/****************************************************************************
// Title: 	what_happens_to_text.do 
// Where? 	"D:/Files/Shasta County/Aria_Scratch/Do"
// by: 		Aria		
// Purpose: This do file reads input and output Trumpia csv and excel files.
			It then produces the text.eps figure.
				
------------------------------------------------------------------------------
TOC
------------------------------------------------------------------------------
// Part 0: 		Setting up the environment
// Part 1: 		Reading and cleaning *Output for Trumpia*
// Part 2:		RCT Round & Date pairs
// Part 3:  	Reading and cleaning *Input from Trumpia* Distribution files
// Part 4:  	Reading and cleaning *Input from Trumpia* Add_ files
				
				-Note: if you uncomment these following lines within this part, 
				we get 3 more obs in Distribution and 3 fewer obs in Contact Related
				// drop if strpos(reason_phone, "duplicated")>0
				// drop if strpos(reason_phone, "dow")>0
				
// Part 5:  	Reading and cleaning *Input from Trumpia* Failed files
// Part 6:  	Merge
// Part 7: 		Graph: What Happens to Text 

*****************************************************************************/

*	****************************************************************************
**#	Part 0: Setting up the environment
*	****************************************************************************
set 	more off, perm
global 	dir 	"D:/Files/Shasta County"

global 	data 	"D:/Files/Shasta County/CarlyWill_Scratch/Data/" 			// 	Change
cap 	mkdir 	"${data}"

global 	temp 	"D:/Files/Shasta County/Aria_Scratch/_temp/Aria_2023" 			// 	Change
cap 	mkdir 	"${temp}"

set 	scheme s1mono

graph 	set window 	fontface Times 
graph 	set eps 	fontface Times

*	****************************************************************************
**#	Part 1: Reading and cleaning *Output for Trumpia*
*	****************************************************************************

cd "${dir}/Output for Trumpia/output_for_trumpia_clean"

/* List file names. */
local filelist: dir . files "*.csv"
di `filelist'

	local m = 1

foreach f of local filelist {

	import delimited using "`f'", stringcols(_all) varname(1) clear
	
		gen 		court_dateD = subinstr( "`f'",".csv","",.)
		replace 	court_dateD = subinstr(court_dateD, "trumpia","",.)
		destring 	court_dateD, replace

		tempfile save`m'
		qui save "`save`m''"
		
	local m `++m'
}

local 	obs = `m'-1
dis 	`obs'

qui use "`save1'", clear
forv i=2/`obs' {
	qui append using "`save`i''"
}

/* missing phone number? */
gen 	missing_phone = phone == "0"
la var 	missing_phone "Missing Phone Number" 

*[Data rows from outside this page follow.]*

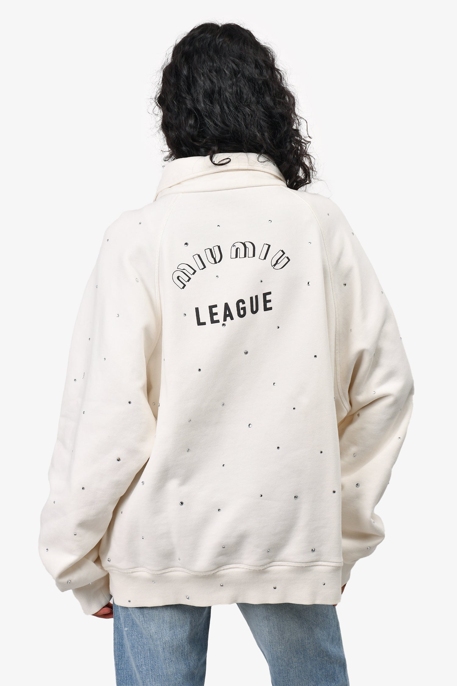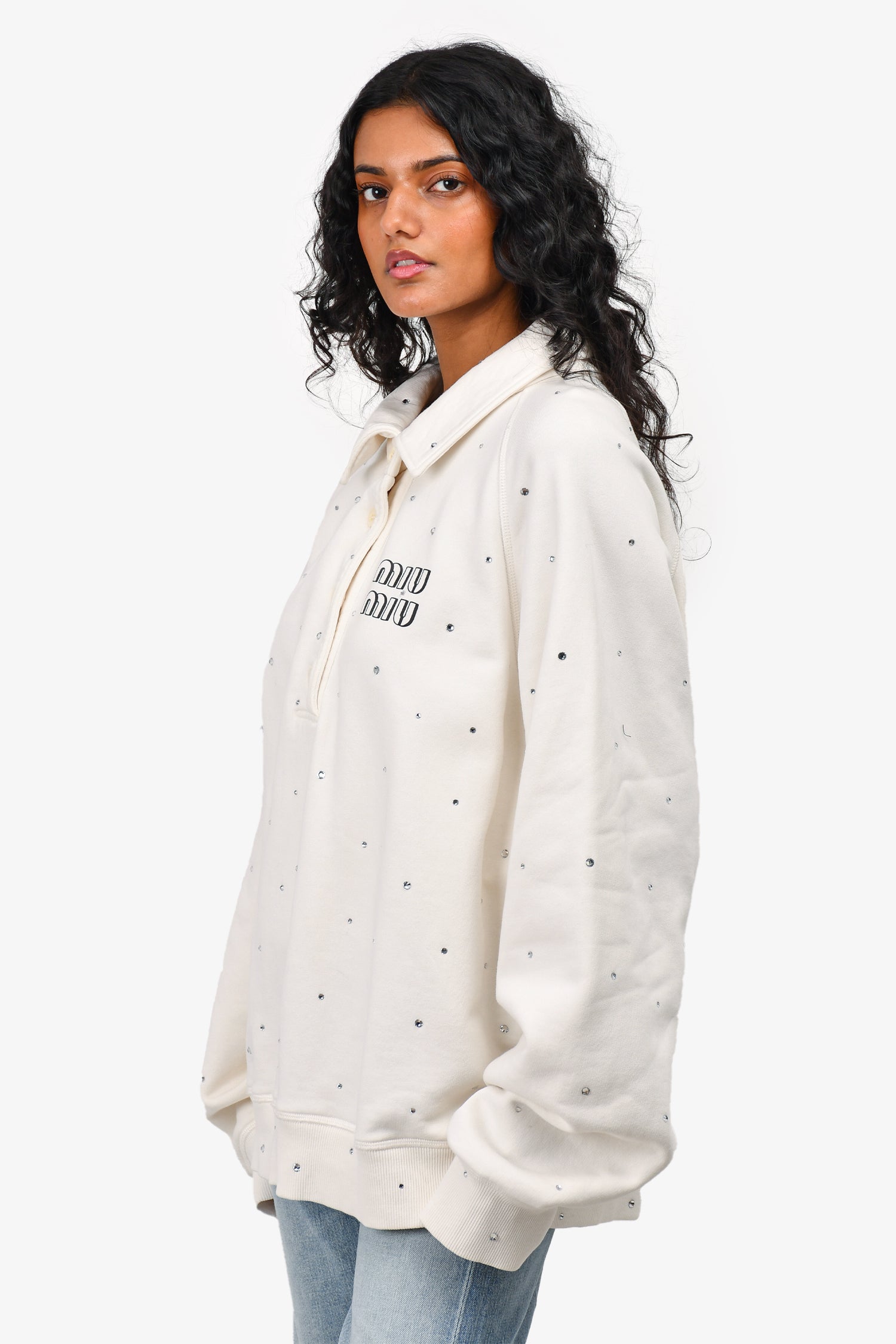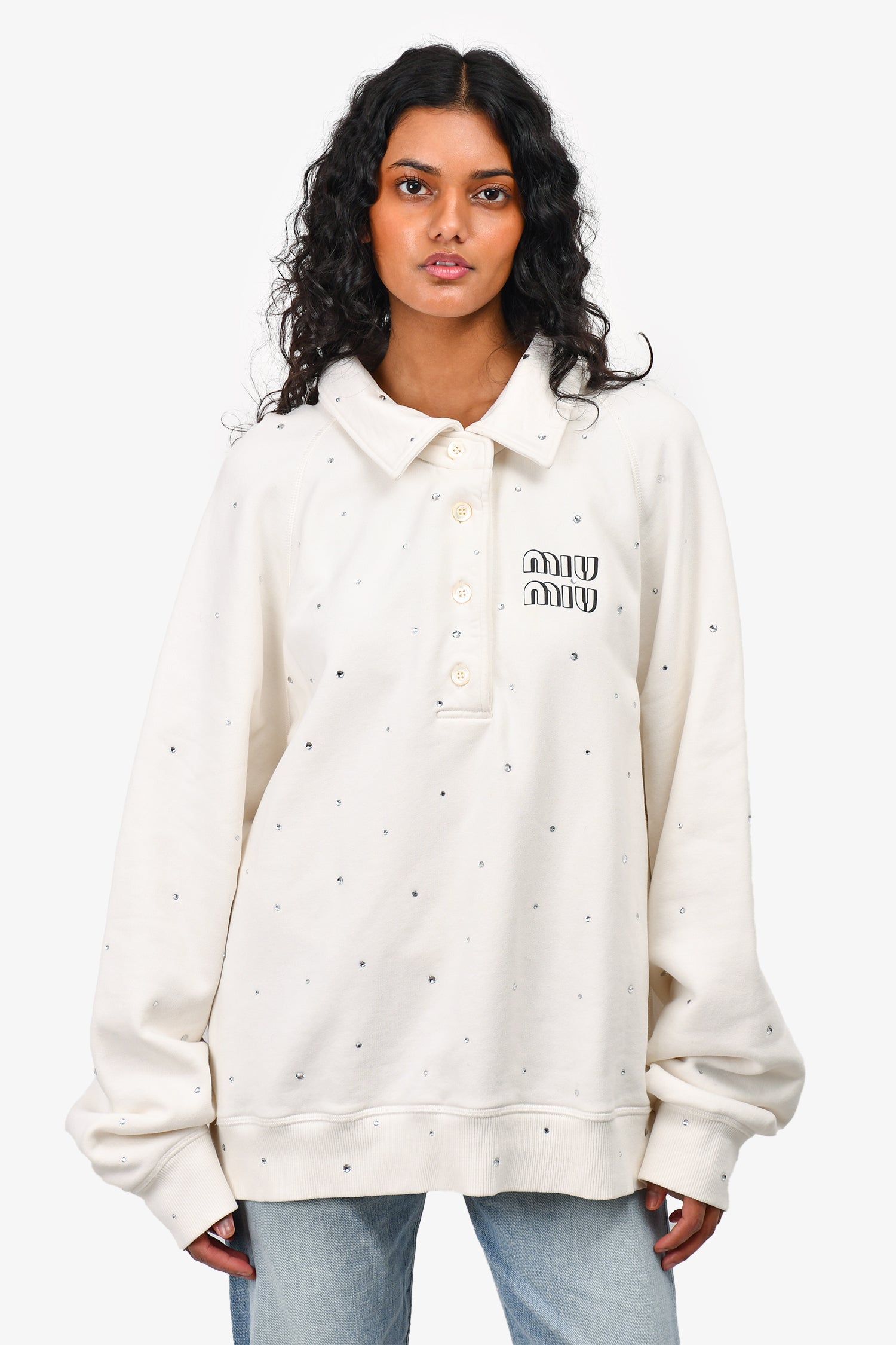 Refresh availabilityMiu Miu White Logo Crystal Embellished Oversize Polo Sweatshirt. Pull-on. Front-button up detail. Ribbed trimmings. Tonal stitching. Unlined.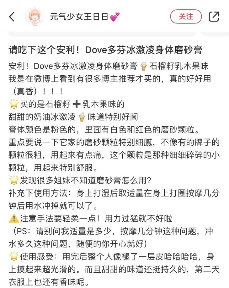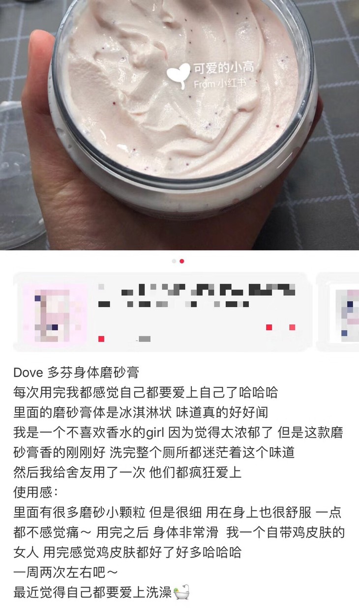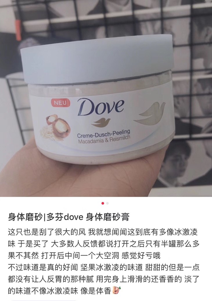 ☘️最近这股风刮的超级大😇还没有买的公举们可以下手了,别犹豫😍,让你的皮肤变嫩滑,女孩👧🏻赶紧都用起来,温和去角质、暗沉、鸡皮,成分里包含1/4多芬润肤乳液,所以嫩滑肌肤一步搞定,而且两款香氛都很好闻,留香持久,沐浴时,磨砂膏打圈按摩全身,胳膊肘、膝关节等部位可以多揉一会,用完后皮肤又滑又嫩,自己都忍不住要多摸几次自己的皮肤[偷笑],即使用完不涂身体乳,皮肤也不会干!
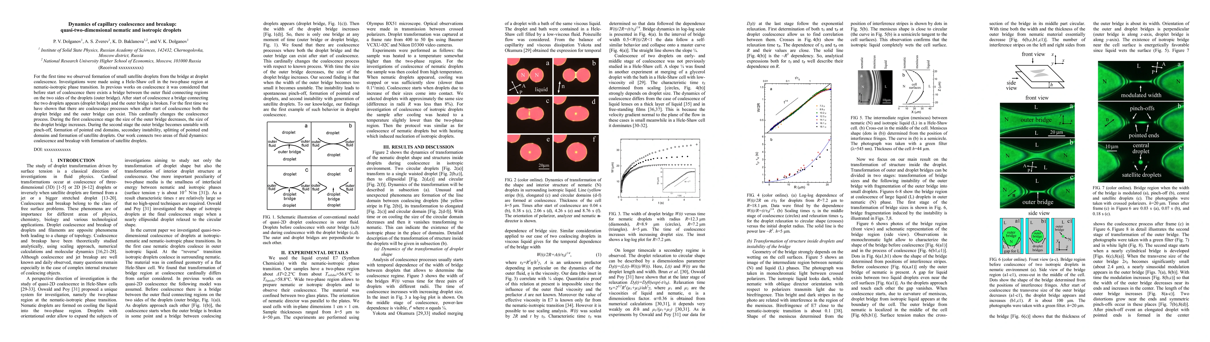 For the first time we observed formation of small satellite droplets from the bridge at droplet coalescence. Investigations were made using a Hele-Shaw cell in the two-phase region at nematic-isotropic phase transition. In previous works on coalescence it was considered that before start of coalescence there exists a bridge between the outer fluid connecting regions on the two sides of the droplets (outer bridge). After start of coalescence a bridge connecting the two droplets appears (droplet bridge) and the outer bridge is broken. For the first time we have shown that there are coalescence processes when after start of coalescence both the droplet bridge and the outer bridge can exist. This cardinally changes the coalescence process. During the first coalescence stage the size of the outer bridge decreases, the size of the droplet bridge increases. During the second stage the outer bridge becomes unstable with pinch-off, formation of pointed end domains, secondary instability, splitting of pointed end domains and formation of satellite droplets. Our work connects two areas of fluid dynamics: coalescence and breakup with formation of satellite droplets.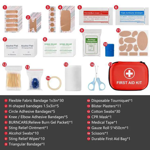 Emergency Essentials: This first aid kit has it all! Our first aid kit contains over 115 professional-grade medical and safety supplies, including triangular bandages, gauze rolls, cotton pads for cleaning wounds, disposable tourniquets, and anti-abrasion patches.emergencies.Compared to other products on the market, our first aid kits contain more and higher-quality items.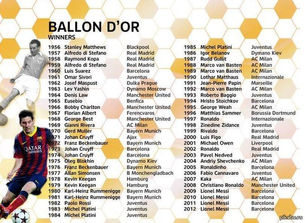 Обладатели Золотого мяча за всю историю (список по годам) – SportsHeroes.ru

la var 	court_dateD "Court Date"
la var 	court_time 	"Court Time"
la var 	court_dept 	"Court Dept"
la var 	phone 		"Phone Number"
la var 	dow 		"Court Day of Week"
la var 	month 		"Court Month"
la var 	day 		"Court Day of Month"
la var 	year 		"Court Year"
la var 	trumpia_id 	"Trumpia ID (constructed)"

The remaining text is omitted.